Notre-Dame-de-la-Sainteté, en face de notre hôtel de l'Europe, est un petit séminaire; dans l'île voisine, est l'église Saint-Georges-Majeur, d'où l'on découvre au milieu des eaux la plus belle vue de la magique Vénise. Sur le canal Grande, le bruit des cloches de tant d'églises fait un merveilleux effet.
Dans l'église de Saint-Jean et de Saint-Paul, les corps de seize Doges reposent dans des tombeaux magnifiques, et la peau du fameux Antoine Bragodin, qui fut écorché par Mustapha, général de l'armée des Turcs.
Le Grand-Opéra a été la proie d'un incendie, on s'occupe à le réparer; il y a huit théâtres. La mer passe dessous l'édifice de la quarantaine, soutenu par des poteaux.
Plus loin, nous continuons nos investigations avec la fragile gondole disposée intérieurement comme une voiture; au devant de la gondole, est une espèce de scie d'acier qui brille au clair de la lune comme les dents embrasées des dragons de l'Arioste. Nous arrivons chez les Religieux Arméniens, dans l'île de Saint-Lazare: un jeune Frère, avec sa longue et majestueuse barbe, sa figure douce et belle, vient, avec une vanité monacale, nous faire admirer leur belle imprimerie, leur église, leur bibliothèque et leur cabinet de physique.
Les montagnes qui entourent Vénise sont couvertes de neige; en revenant nous allons visiter l'hospice des fous, situé sur l'île Sancervillio. L'église dans l'île de Torquelo, est bâtie sur les débris d'un temple d'Aquilée: la coupole est couverte de mosaïques exécutées grossièrement par des artistes grecs: c'est de là qu'est venu l'art de la mosaïque en Italie.
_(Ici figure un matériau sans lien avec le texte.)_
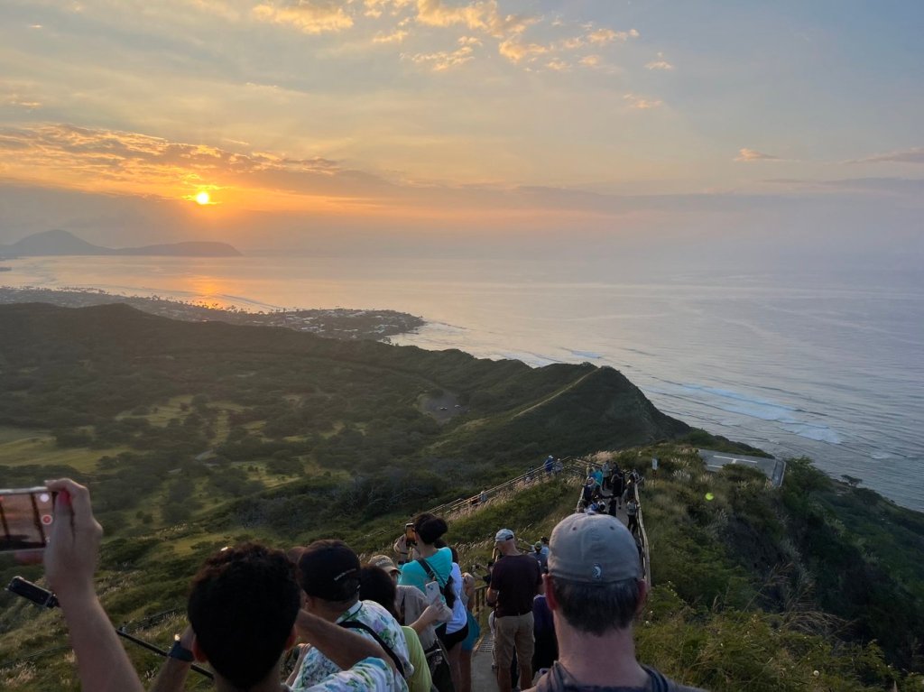 Another early start! We had a 6 AM reservation to hike Diamond Head. Ubered there, and while the crowds picked up near the summit, we were treated to an incredible sunrise view. Most people were looking at the sunrise, so we had the Waikiki views nearly to ourselves.

La nuit, on s'imagine voir, dans le reflet des lumières des gondoles, des colonnes de feu et des cascades d'étincelles qui s'enfoncent à perte de vue dans une grotte de cristal. Les gondoliers portent une veste de nankin; ils lancent leurs esquifs comme une flèche, avec toute l'aisance d'un enfant de l'Adriatique. Les huîtres se collent dans la mousse, aux pieds des palais. On pêche, en pleine rue, de quoi nourrir la population; les gondoles coulent entre deux tapis de verdure, où le bruit de l'eau vient s'amortir languissamment avec l'écume du sillage.
À tous les coins de rue, la Madone abrite sa petite tête sous un dais de jasmin, et les traguetti, ombragés de grandes treilles, répandent le long du canal le parfum de la vigne en fleur: ces traguetti sont les places de station pour les gondoles publiques.
Les gondoliers et les faquins se postent devant une Madone; ils ont un air mystérieux comme s'ils songeaient à commettre un assassinat, mais ils chantent en choeur des airs tirés d'opéras; tantôt c'est une cavatine de Bellini, un choeur de Rossini, un duo de Mercadanti, les refrains d'une barcarole, les symphonies de Beethoven. La sonorité des canaux fait de Vénise la ville la plus propre à retentir de chansons.
La physionomie du gondolier a un caractère de finesse mielleuse; ils ont l'esprit subtil et pénétrant; les gondoliers des particuliers portent des vestes rondes de toile anglaise, imprimée à grands ramages de diverses couleurs. Les dandis, comme ceux de Londres, se donnent le divertissement de conduire une petite barque sur les canaux; c'est pour eux ce que l'exercice du cheval est pour ceux de Paris: leur costume est gracieux, une veste fond blanc, à dessins de Perse, un pantalon blanc, un ceinturon bleu; un bonnet de velours noir: nonchalamment couchés dans des gondoles découvertes, ils s'approchent gracieusement des croisées pour admirer les beautés sensibles qui se mettent aux fenêtres. On trouve des hommes du peuple, à Vénise, qui n'ont jamais été d'un quartier à l'autre.
Un gondolier ne possède souvent qu'un pantalon, sa chemise et sa pipe; quelquefois un petit chien qui nage à côté de sa gondole avec l'agilité d'un poisson; il a en outre la Madone de son traguetti tatouée sur la poitrine, avec une aiguille rouge et de la poudre à canon; il a son patron sur un bras, et sa patronne sur l'autre. Quand une ou deux courses, dans la matinée, ont assuré l'entretien de son estomac et de sa pipe, il s'endort le ventre au soleil.